Leslie noted, "His rural is never as lonely as being alone in the city."

"But that's the thing about the city and the country," Maria pointed out. "It's dislocation. And that's the American dream, in an odd way."

Grey said, "Hopper's rural stuff is like the country store in Seven A.M."

Maria turned to Leslie, "That's the place where I told you I looked at the painting and said, 'I know that place'."

Leslie objected, "But it's not … true. That cannot be (what do you call it?) 'certified.' Nobody knows exactly where something was painted."

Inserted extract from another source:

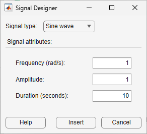 In the Signal Designer dialog box, select the type of signal to create and specify the signal parameters.

"Hopper," Maria observed, "had a woman that was very devoted to him and that he also loved. He did exactly what he loved in his painting. He had his car, did his travels. He had a house, Washington Square, the most stimulating environment to be in at that time in the whole country, and in Cape Cod, the most empty, beautiful space you could ever want. Wasn't he a really happy guy? Yet the paintings don't depict that kind of euphoria, or even marginal happiness."

Grey said, "Forget about happiness. Contentment is the deeper, richer thing, and you see that in him. Sunshine is pretty happy."

Maria said, "Yeah, but it's kind of missing that soul. The people in his paintings: Where's the spirit? If it's there, it's murky and it's way down in."

Leslie said, "I think he just wanted to record things, moments."

Maria said, "I think he was very Zen, in the sense of that moment, that light, that building, that day."

Leslie said, "You don't have to solve the human dilemma in a painting. You can report or reveal this lonely side of being a human being and isolated, and it doesn't necessarily have to be negative or sad. It just is."